Des narcos manipulés par Bogota?
Selon celui-ci, la Colombie a été «le fer de lance de toutes les attaques militaires et financières contre le Venezuela».
«Ce qui se passe en ce moment, à mon sens, est une répétition pour un théâtre d’opérations futur et plus violent […]. Il y a plus de 2.200 kilomètres de frontière commune entre les deux pays, le long d’États très sauvages. Cela facilite les incursions.»
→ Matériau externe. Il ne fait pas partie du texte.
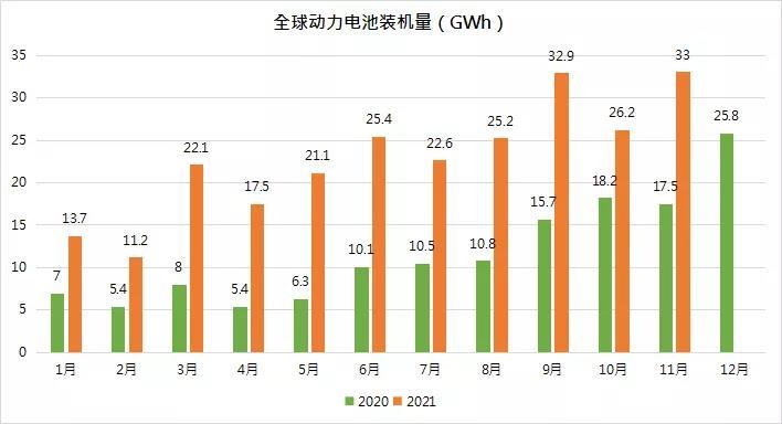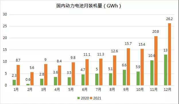 中國儲能網(wǎng)訊:2021年,我國動力電池裝機量154.5GWh,同比增長142.8%。其中12月份裝機量達到26.2GWh,創(chuàng)歷史新高,同比增長102.4%。
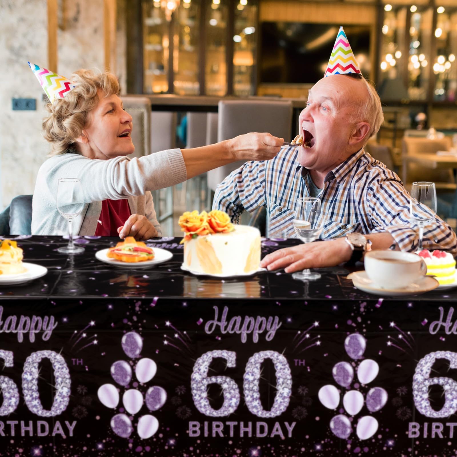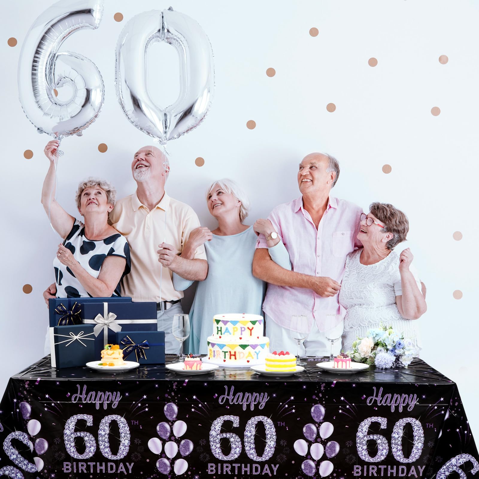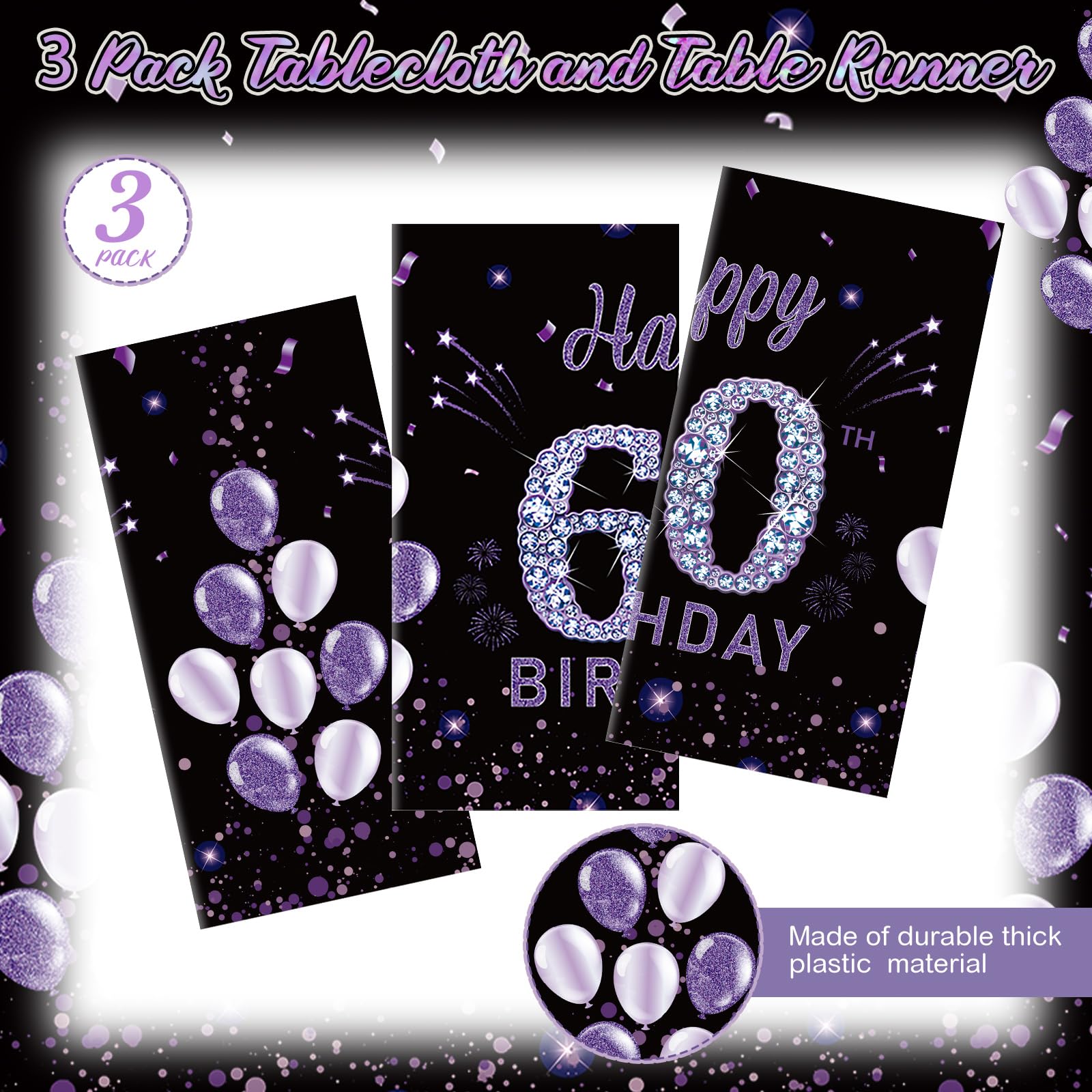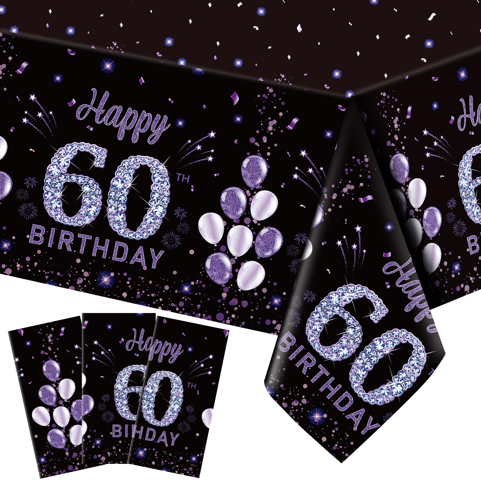 60Th Birthday Table Supplies: the package includes 3 pieces of 60th Birthday tablecloth for party, beautifully designed; The purple 60th birthday, balloon, and 60 Happy Birthday Letters patterns creates a wonderful holiday atmosphere through wonderful colors, adding joy to your party and leaving unforgettable memories for your guests

Déclenchée en mars dernier par Caracas à l’aide d’avions, d’artillerie et de blindés légers, l’opération Escudo Bolivariano («bouclier bolivarien») vise à contenir ces groupes de combattants dans l’État d’Apure. Là passe une frontière constituée approximativement d’un «fleuve et d’un pont». Constituée de «grandes plaines», la région est «sauvage, très peu peuplée et hostile». C’est dans ce théâtre «extrêmement difficile» que des groupes irréguliers s’abritent de part et d’autre de la frontière, en fonction des offensives militaires. Il s’agit en particulier de «narcos». Des bandes financées non seulement par le trafic de drogue, mais aussi par l’exploitation de mines clandestines.
Ayant appartenu auparavant aux Forces armées révolutionnaires de Colombie (Farc), l’ancien Front 10 du groupe commandé par Gentil Duarte n’a pas déposé les armes, violant l’accord de paix signé en 2016. Ce groupe a renforcé sa mainmise sur ces zones isolées. Il a été jusqu’à déposer des mines antipersonnel. Voilà pourquoi Nicolas Maduro a demandé ce 4 avril l'aide des Nations unies afin de sécuriser ces «champs de mines». Selon le ministre de la Défense, l'armée a déjà désamorcé seize engins explosifs.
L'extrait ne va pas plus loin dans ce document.